As far as regulation is concerned Tachiki recalls that for many decades an 'iron triangle' of bureaucrats, politicians, and business elites skilfully managed economic policy to 'steer' the Japanese economy. But it is now obvious that this arrangement is failing to maintain Japan's competitiveness in the 21st century. Consequently, prime minister Koizumi is committed to reform the 'iron triangle' in order to allow market forces or 'civil society' to play a greater role.

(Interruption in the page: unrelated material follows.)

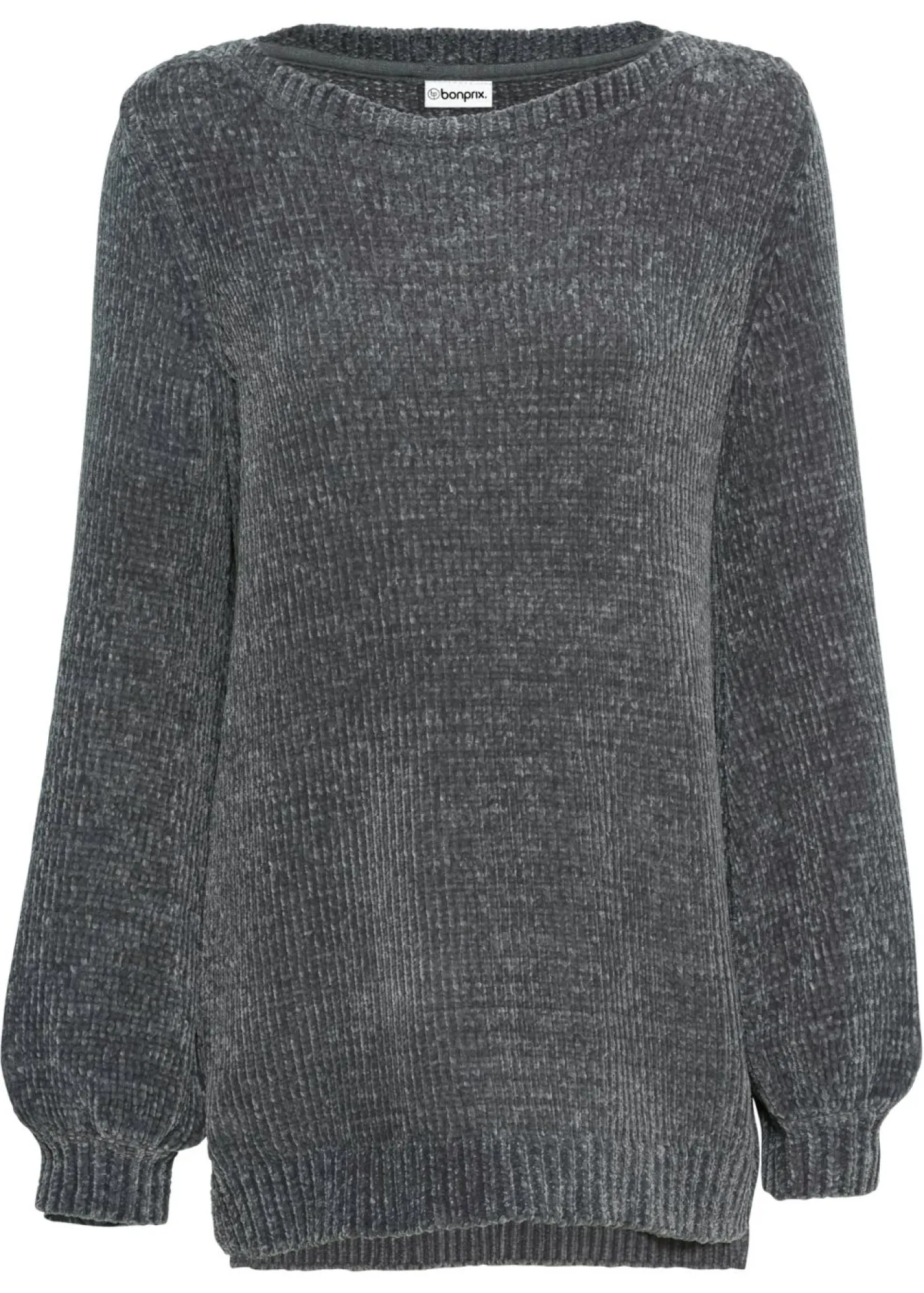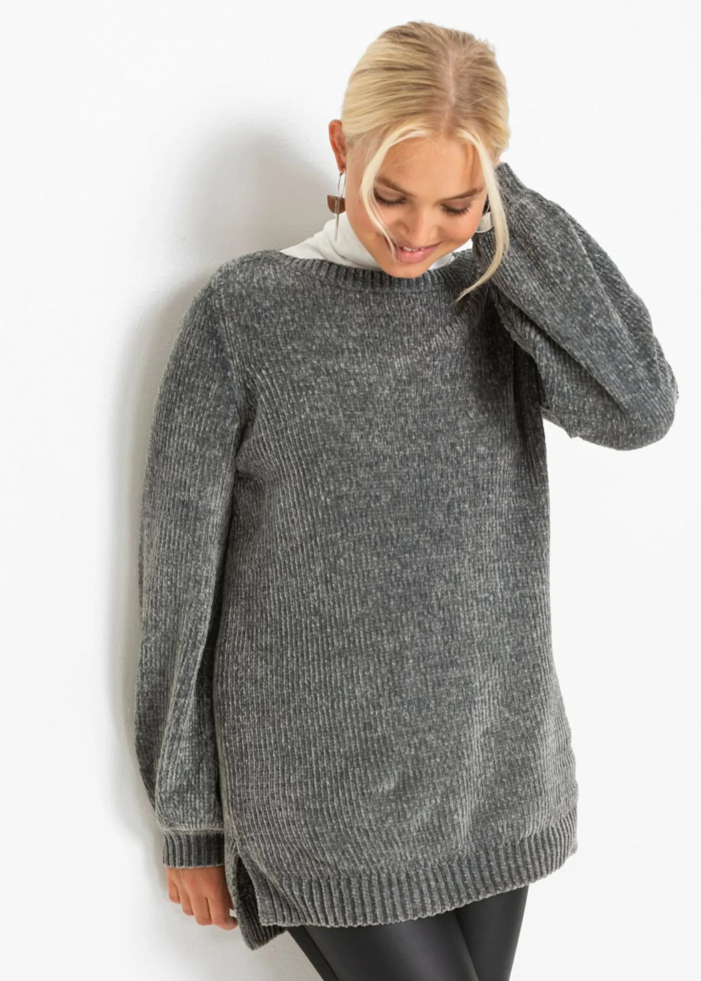 Jersey de chenilla suave con aberturas laterales. Con escote en V y mangas largas. El material cómodo y cálido garantiza un alto nivel de confort.

Another interesting development is the establishment of a wave of new business ventures in the Internet-related sector, which is often referred to as 'Bit Valley'. This name has been derived from the English translation of Shibuya, the hip Tokyo neighbourhood where many of Japan's Netrepreneurs are headquartered. Shibuya means bitter valley, but this has been shortened to the more digital-sounding 'Bit Valley', the equivalent of New York's Silicon Alley. Even Japan's conservative politicians and change-averse bureaucrats now agree that Japan needs to nurture risk-takers if it wants to be competitive in the Net Age. Of course these ventures are primarily the result of demand pull factors. But they are also fostered by supply push forces. Because of the recent recession, large Japanese companies are no longer able to attract the nation's best and brightest with promises of lifetime careers. The result is that students and managers have decided to take a chance on risky start-ups. All this seems to herald an emerging individualistic entrepreneurial spirit and might imply that Japan is edging now towards a more western-style free market economy.

All in all I put my bets on an economic come-back of Japan.